Fabrication and TCAD simulation of TiO2 nanorods electron transport layer based perovskite solar cells

Abstract This paper reports Pd/PTAA/hybrid perovskite (CH3NH3PbI3)/TiO2 nanorods (TNRs) based solar cell grown on a FTO coated glass substrate. The TNRs-layer, synthesized by low-cost hydrothermal process, acts as the electron transport layer (ETL) while the PTAA acts as the hole transport layer (HTL) in the device. The solar cells with different TNRs thickness are fabricated and characterized for the optimized performance parameters namely the short circuit current density (JSC), open circuit voltage (VOC), fill factor (FF), and power conversion efficiency (PCE).
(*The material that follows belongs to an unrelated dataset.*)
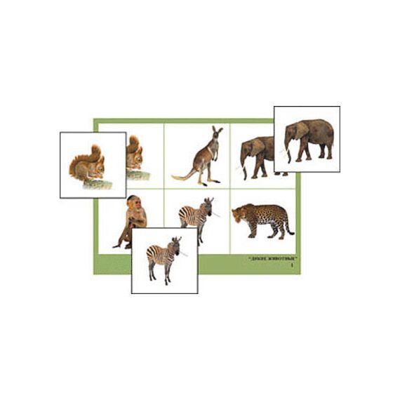 Описание Лото "Дикие животные" (4 планшета, 24 карт., цвет., ламинир.)

The Solar Cell Capacitance Simulator-One Dimensional (SCAPS-1D) is used to simulate the proposed solar cell structure for validating our experimental results. The effects of thickness variation of ETL on the solar cell parameters have been investigated by solving the drift-diffusion model. The measurements show that the efficiency of the solar cell is decreased with increased ETL thickness which is attributed to higher trap sites in the active layer and ETL. The optimized maximum efficiency of 15.04% is obtained for ETL thickness of 500 nm. The simulated results also show close similarity with the experimental results with an efficiency of 15.69%.